[Dataset items]
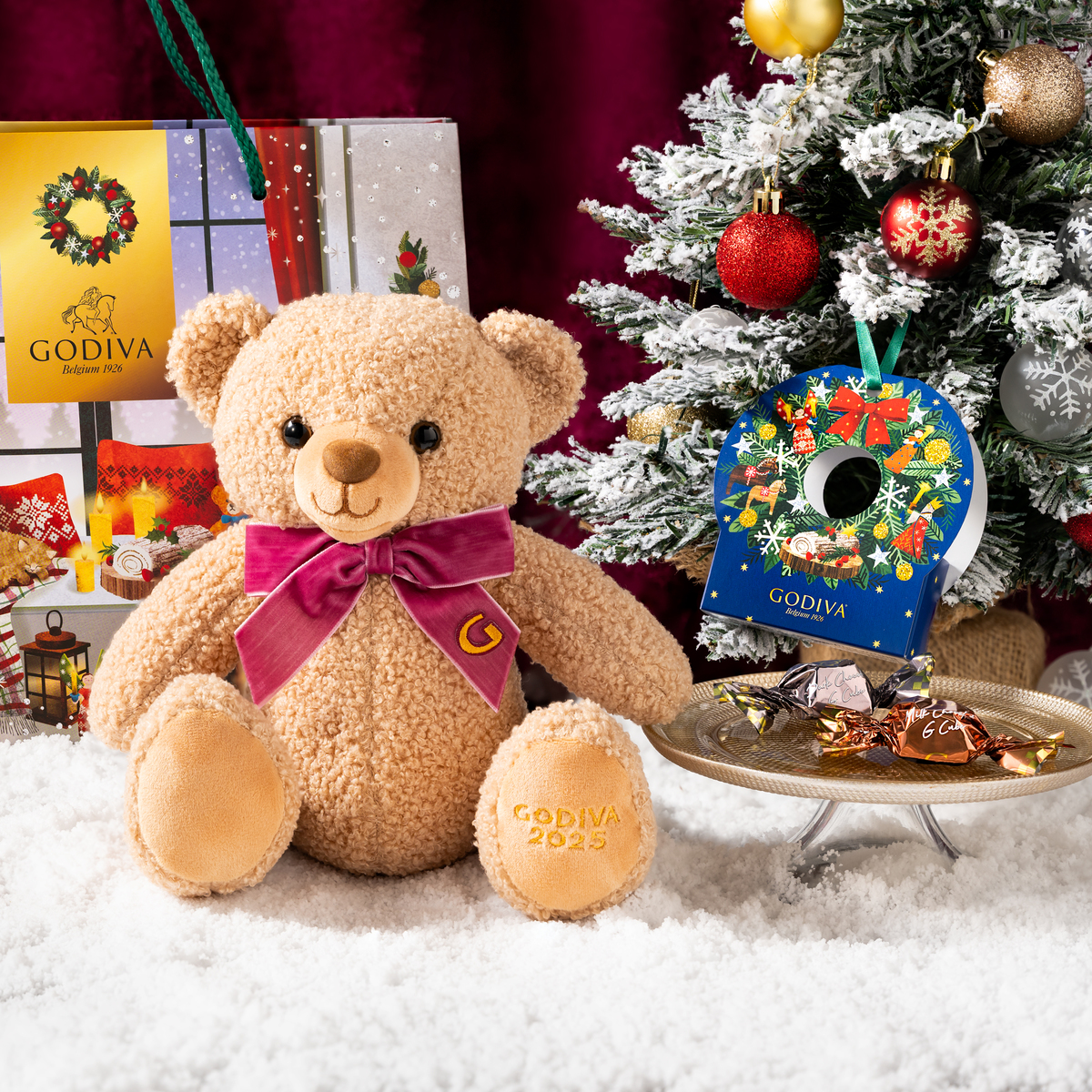 クリスマスの伝統的なブッシュドノエルをチョコレートで表現したコレクション。QVC限定カラーのピンクリボンがアクセントの限定ベアと、オーナメントパッケージのGキューブ2粒セット。贈り物や自分へのご褒美にぴったりです
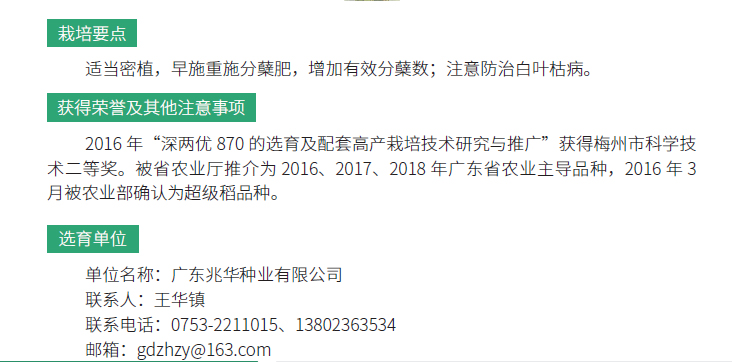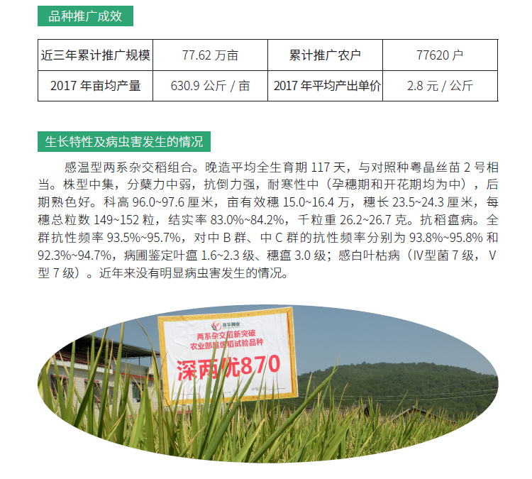 2019年农业主导品种:深两优870
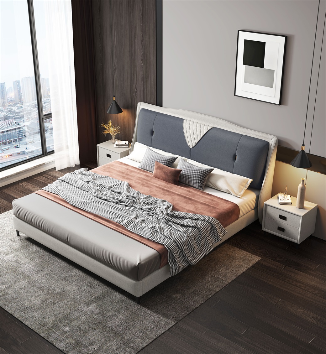 • 面料:科技布 靠包填充:海绵 框架:松木 床边床尾:整块松木 配静音床板
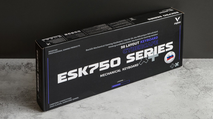 Rapoo ESK750-98 поставляется в черной картонной коробке с крупным обозначением модели белым шрифтом. Внутри коробки есть инструкция, а само устройство находится в пакете. Больше в комплекте поставки ничего нет.
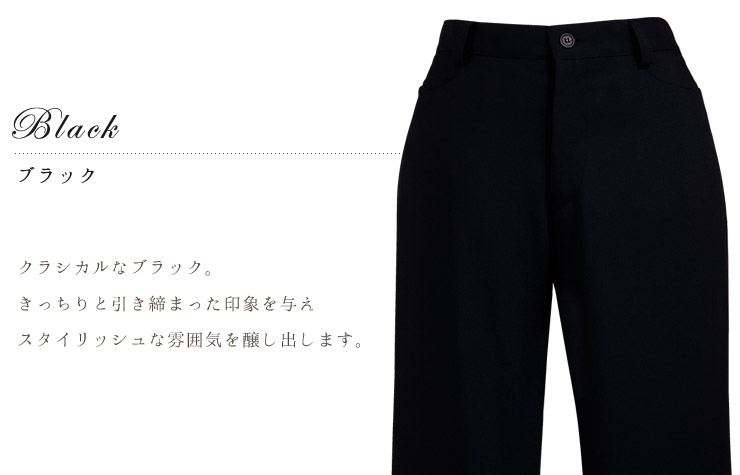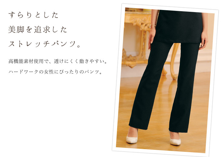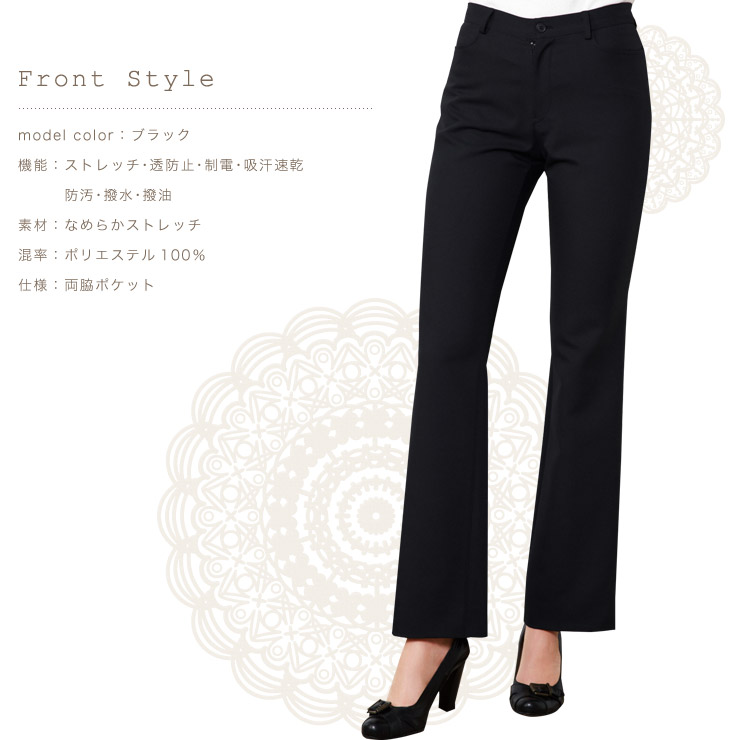 美脚を追求したストレッチパンツ。 柔らかく、なめらかな素材を使用。裾までのラインがすらりと美脚に見せてくれるブーツカットシルエット。 防透け効果がある素材なので、下着透けの不安も軽減されます。
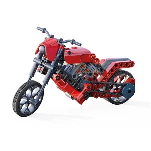 ¡Un kit científico «hecho en Italia» para divertirse ensamblando una motocicleta Roadster o un dragster! El kit contiene más de 130 piezas para construir 2 modelos diferentes equipados con mecanismos de transmisión. El manual ilustrado explica cómo ensamblar la motocicleta Roadster paso a paso. Muchas piezas especiales, como el módulo de transmisión, los engranajes, las bielas, los pistones y muchas más permiten observar cómo funcionan los vehículos. La aplicación «Science & Play Build» integra la experiencia de juego al proporcionar una ayuda de ensamblaje para todos los modelos gracias a las animaciones 3D interactivas.
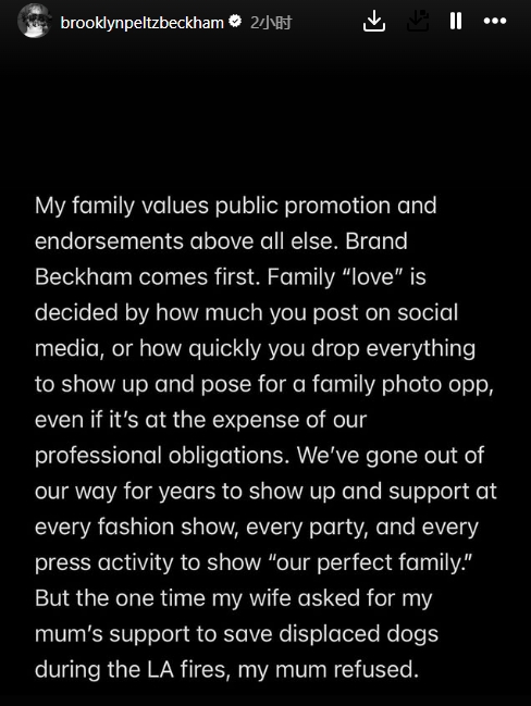 我的家人把公开宣传和商业代言看得高于一切。“贝克汉姆品牌” 才是第一位的。所谓的家庭 “爱”,取决于你在社交媒体上发多少内容,或者你能多快放下一切去参加家庭拍照作秀 —— 哪怕这会牺牲我们的工作安排。

### Assigned task:
Extract the entries in full, exactly as they are, minus the pictures.

### Answer to the problem:
 クリスマスの伝統的なブッシュドノエルをチョコレートで表現したコレクション。QVC限定カラーのピンクリボンがアクセントの限定ベアと、オーナメントパッケージのGキューブ2粒セット。贈り物や自分へのご褒美にぴったりです
 2019年农业主导品种:深两优870
 • 面料:科技布 靠包填充:海绵 框架:松木 床边床尾:整块松木 配静音床板
 Rapoo ESK750-98 поставляется в черной картонной коробке с крупным обозначением модели белым шрифтом. Внутри коробки есть инструкция, а само устройство находится в пакете. Больше в комплекте поставки ничего нет.
 美脚を追求したストレッチパンツ。 柔らかく、なめらかな素材を使用。裾までのラインがすらりと美脚に見せてくれるブーツカットシルエット。 防透け効果がある素材なので、下着透けの不安も軽減されます。
 ¡Un kit científico «hecho en Italia» para divertirse ensamblando una motocicleta Roadster o un dragster! El kit contiene más de 130 piezas para construir 2 modelos diferentes equipados con mecanismos de transmisión. El manual ilustrado explica cómo ensamblar la motocicleta Roadster paso a paso. Muchas piezas especiales, como el módulo de transmisión, los engranajes, las bielas, los pistones y muchas más permiten observar cómo funcionan los vehículos. La aplicación «Science & Play Build» integra la experiencia de juego al proporcionar una ayuda de ensamblaje para todos los modelos gracias a las animaciones 3D interactivas.
 我的家人把公开宣传和商业代言看得高于一切。“贝克汉姆品牌” 才是第一位的。所谓的家庭 “爱”,取决于你在社交媒体上发多少内容,或者你能多快放下一切去参加家庭拍照作秀 —— 哪怕这会牺牲我们的工作安排。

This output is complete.